─── INFORMATION SUPPLIED

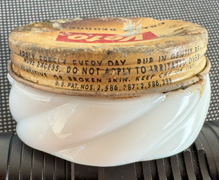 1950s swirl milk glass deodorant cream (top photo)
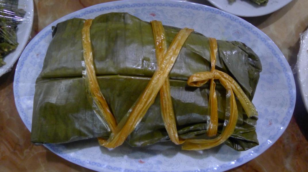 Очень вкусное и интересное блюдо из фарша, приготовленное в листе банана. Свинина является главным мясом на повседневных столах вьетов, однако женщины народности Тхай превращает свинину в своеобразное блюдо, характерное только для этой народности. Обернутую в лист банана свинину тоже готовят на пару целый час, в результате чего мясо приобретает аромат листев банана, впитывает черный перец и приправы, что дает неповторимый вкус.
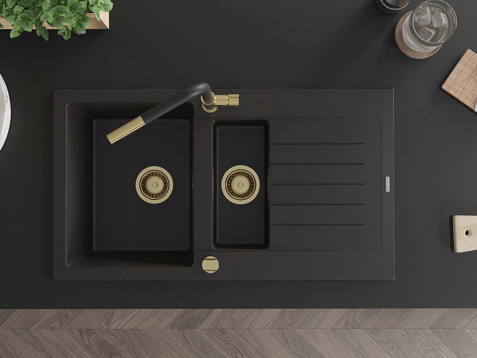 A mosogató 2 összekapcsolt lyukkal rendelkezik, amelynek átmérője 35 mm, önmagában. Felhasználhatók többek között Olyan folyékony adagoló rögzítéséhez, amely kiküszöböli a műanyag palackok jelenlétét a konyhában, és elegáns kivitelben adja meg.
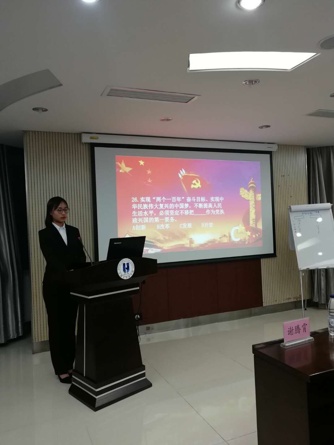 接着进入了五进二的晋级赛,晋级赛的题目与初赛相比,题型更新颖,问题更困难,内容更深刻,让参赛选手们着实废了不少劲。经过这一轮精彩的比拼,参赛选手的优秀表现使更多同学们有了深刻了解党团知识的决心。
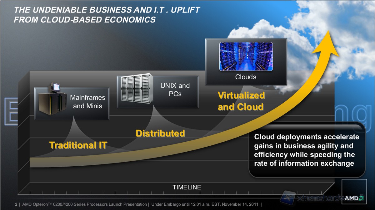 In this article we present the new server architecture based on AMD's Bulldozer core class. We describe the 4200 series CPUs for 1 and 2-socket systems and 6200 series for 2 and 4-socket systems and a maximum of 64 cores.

──────

(WHAT YOU NEED TO DO) Transcribe each entry exactly, pictures excluded.

(SOLVED EXERCISE)
 1950s swirl milk glass deodorant cream (top photo)
 Очень вкусное и интересное блюдо из фарша, приготовленное в листе банана. Свинина является главным мясом на повседневных столах вьетов, однако женщины народности Тхай превращает свинину в своеобразное блюдо, характерное только для этой народности. Обернутую в лист банана свинину тоже готовят на пару целый час, в результате чего мясо приобретает аромат листев банана, впитывает черный перец и приправы, что дает неповторимый вкус.
 A mosogató 2 összekapcsolt lyukkal rendelkezik, amelynek átmérője 35 mm, önmagában. Felhasználhatók többek között Olyan folyékony adagoló rögzítéséhez, amely kiküszöböli a műanyag palackok jelenlétét a konyhában, és elegáns kivitelben adja meg.
 接着进入了五进二的晋级赛,晋级赛的题目与初赛相比,题型更新颖,问题更困难,内容更深刻,让参赛选手们着实废了不少劲。经过这一轮精彩的比拼,参赛选手的优秀表现使更多同学们有了深刻了解党团知识的决心。
 In this article we present the new server architecture based on AMD's Bulldozer core class. We describe the 4200 series CPUs for 1 and 2-socket systems and 6200 series for 2 and 4-socket systems and a maximum of 64 cores.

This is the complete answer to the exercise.